(289u) Molecular Based Kinetic Modeling of Hds-Fcc Process

Heavy oil upgrading and ultra-clean fuel production are critical matters for petroleum industry. Processes must be engineered both to increase refinery efficiency and to protect the environment. One of the practical ways to achieve these goals is the flexible usage of the combination of hydrodesulfurization (HDS) and fluid catalytic cracking (FCC). The control and fine-tuned optimization of this process would be enhanced through the development of high-fidelity reaction models based on the molecular characters of feedstock. While this is to be developed for the combined process, as a first step, kinetic models of FCC were generated and examined.
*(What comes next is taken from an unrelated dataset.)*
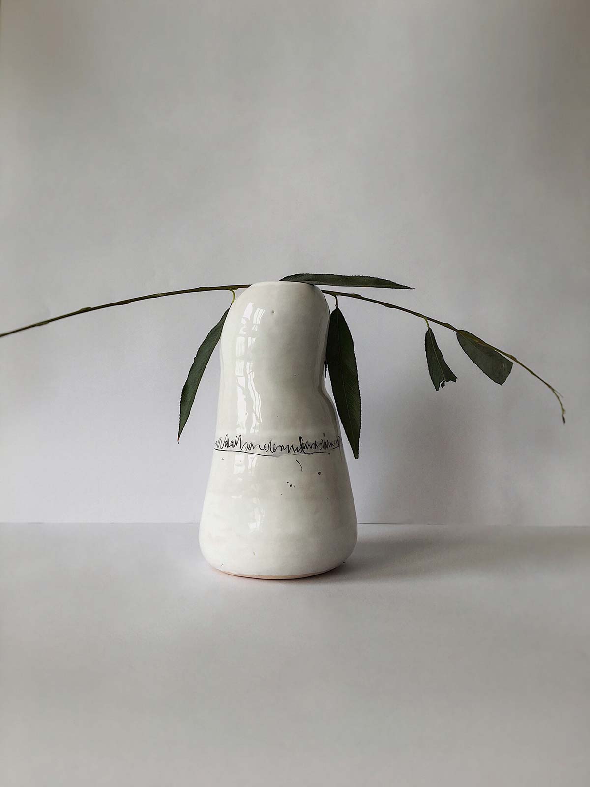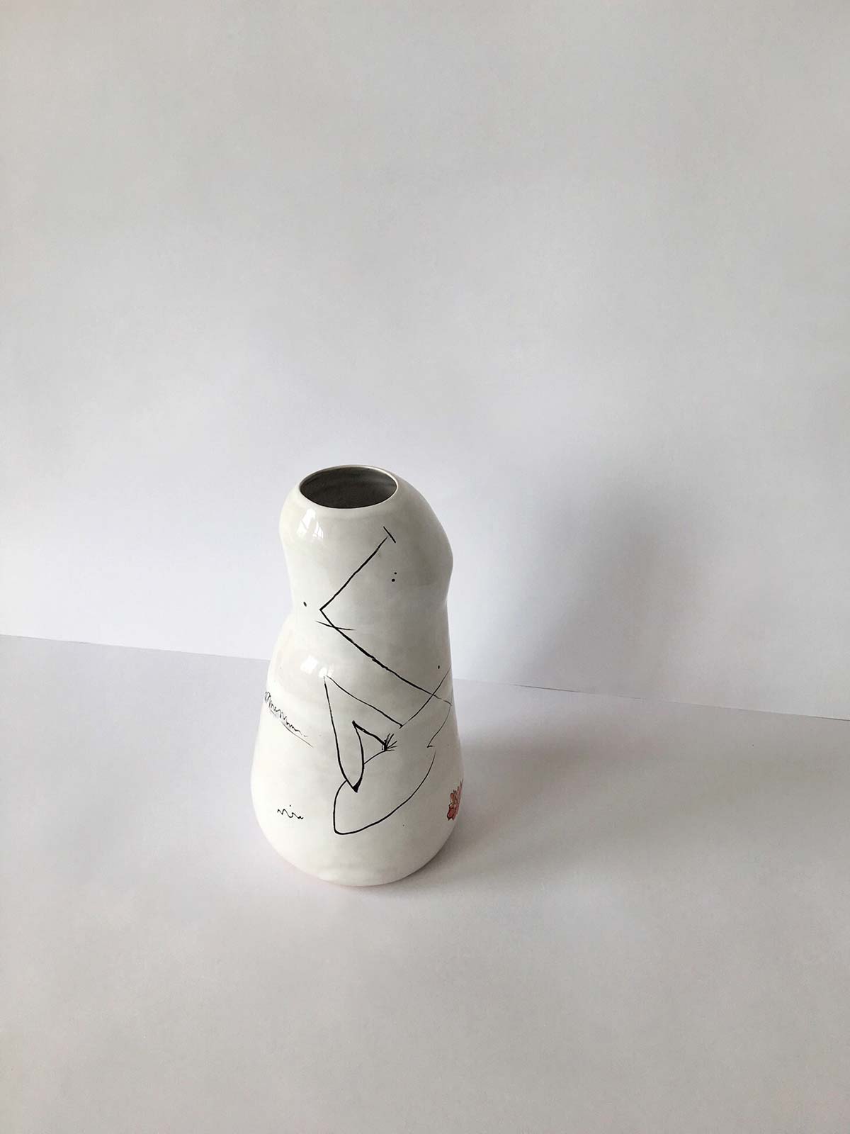 Ваза для квітів з жіночим силуетом. Виліплена вручну з білої глини і декорована підглазурним розписом. Можна використовувати як самостійний декор для прикраси інтер’єру або як вазу для квітів.

Software for the computer generation of kinetic models was exploited to generate an optimum set of elementary steps corresponding to a mechanistic kinetic model for the catalytic cracking of vacuum gas oils. The kinetics model building program uses graph theoretic concepts to represent the molecules as atomic connectivity matrices and the reactions as matrix operations. The rate constants for each reaction family were constrained to follow the Evans-Polyani relationship, which, for each reaction family, relates the rate constant to the enthalpy of reaction. This helped to reduce both the complexity of the reaction network and the number of rate parameters to be optimized. The comparison of model outputs and experimental measurements is favorable.